Глава 49. Буэнос-Айрес, 1929 год
В порту Бордо Тони поднимается на борт корабля, направляющегося в Буэнос-Айрес. Он прикупил себе несколько костюмов, пару шляп от Борсалино и наручные часы «Бенрус» с отдельным табло для секундной стрелки. С тем, что он скопил в Кап-Джуби, да еще и при повышении зарплаты с его переходом на должность ответственного за линию в Америке, его карманы в первый раз в жизни лопаются от денег. Но, несмотря на горы сладостей, которые он купил своим родным и упаковал в чемодан, самое ценное, с чем он покидает Европу, это нежность его матери и контракт с Галлимаром на публикацию «Южного почтового».
Все восемнадцать дней морского пути он курит на палубе, проходит автодидактический курс дегустации коктейлей и развлекает ребятишек карточными фокусами. Поглядывает на юных девушек в салоне, но внезапно к нему приходит осознание того, что он уже не так молод. Волосы начинают светлеть, да и поддержание веса тела в рамках требует определенных усилий.
– Пожелай Господь, чтобы французы оставались тощими, не появились бы круассаны! – радостно восклицает он за завтраком, к удовольствию сотрапезников.
День за днем он, опершись о борт трансатлантического лайнера, проводит целые часы, наблюдая за волнами. Пассажиры с любопытством поглядывают на этого высокого курносого мужчину, безупречно одетого и, похоже, одинокого, который, думая о чем-то своем, глядит на волны и порой аплодирует волне с гребешком, словно смотрит балет.
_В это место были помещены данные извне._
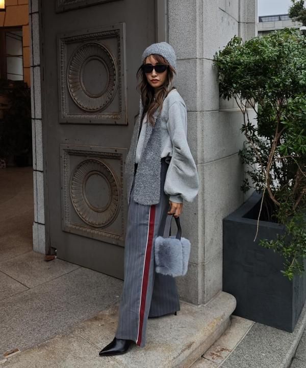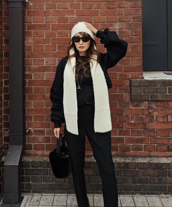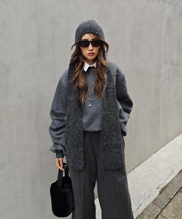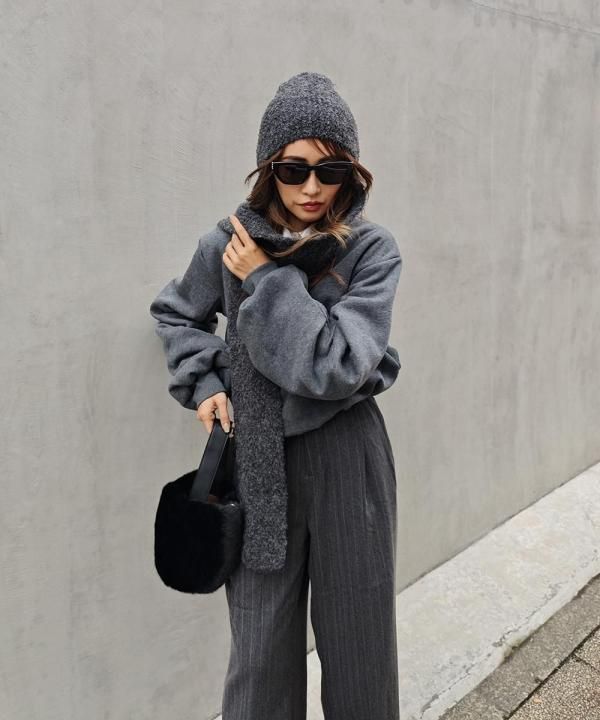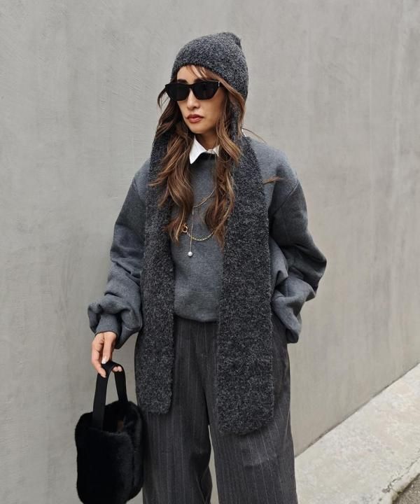 マフラーは垂らしたままでもトレンド感が出て、首に巻いても可愛く防寒できちゃう♪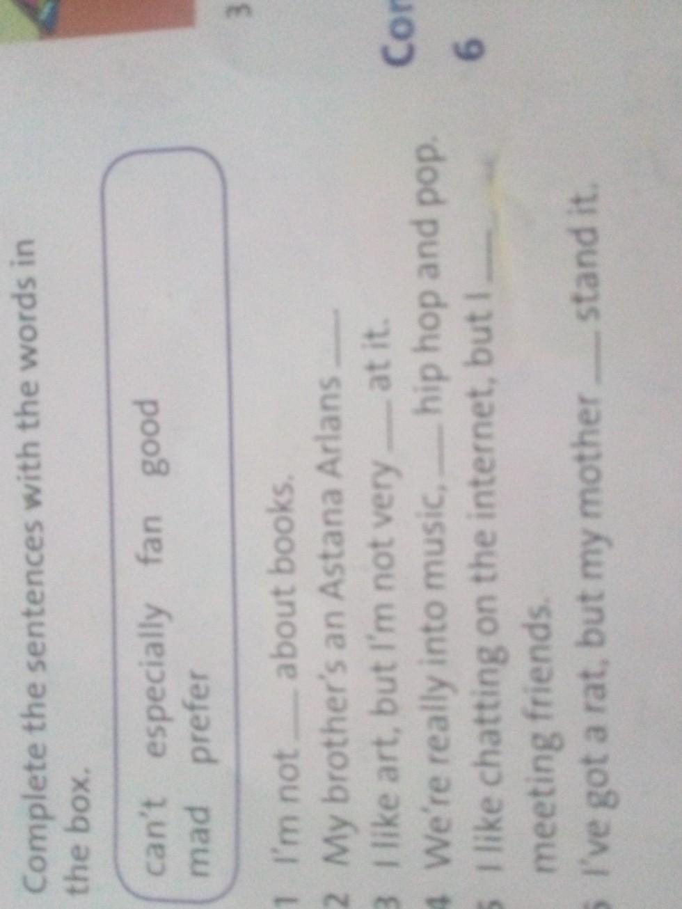 1 mad 2 fan 3 good 4 especially 5prefer 6can't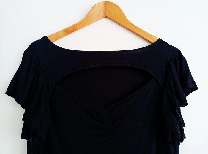 T shirt noir decollete ajoure manches evasees. Taille 42 / 44 - photo numéro 5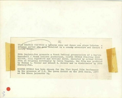 Scatman Crothers train conductor Silver Streak Original 8x10 Photo with paper caption snipe in VG/Near Mint Condition This item is an ORIGINAL 8x10 photo from the historic archives of Silver Screen Mementos. This original photograph was made in the actual year the film, television show or event was produced. The movie studios produced publicity photographs for distribution to the press, photo agencies and publicity departments to advertise the film/tv show or event. Very often original photos have press release information on the reverse of the photo - movie credits, description of the scene, event and people involved. This is a historic piece of cinema art and is being offered from one collector to another, no rights given or implied. Silver Screen are gradually releasing thousands of Original Photographs, Transparencies, Negatives, Lobby Cards, Posters, Magazines and other memorabilia from our historic archive. Powered by Six Bit's e Commerce Solution Listing and template services provided by ink Frog

В эти дни его воспоминания о Лулу подобны приливам и отливам. Приходят и уходят. Нарастают и отступают.
В один из таких дней он обдумывает посвящение к «Южному почтовому». Конечно же, он посвятил роман Лулу. Однако она не ответила на его письмо, в котором он спрашивал, согласна ли она на то, что ее имя появится в книге. И он задается вопросом, не будет ли это неуместным теперь, когда она мать семейства. Мучается сомнениями, но в конце концов решает послать телеграмму в издательство и попросить, чтобы посвящение убрали. Это вообще-то не так важно. Она поймет. Вся книга посвящена ей.
Проходит еще несколько дней, и на горизонте показывается земля. Широченный залив Рио-де-ла-Плата медленно подводит лайнер к порту Буэнос-Айреса, что стряхивает дремоту, вырастая из глубины темных вод. Пассажирскому терминалу отведен отдельный причал, в отдалении от несколько потрепанных навесов. Крики чаек кажутся Тони дурным предзнаменованием. Толпа людей на пристани: некоторых пассажиров встречают, и Тони с грустью наблюдает за радостными объятиями, блеском в глазах, искренними проявлениями эмоций встречающих и встречаемых. Само прибытие туда, где тебя никто не ждет, неизменно покрывается патиной грусти.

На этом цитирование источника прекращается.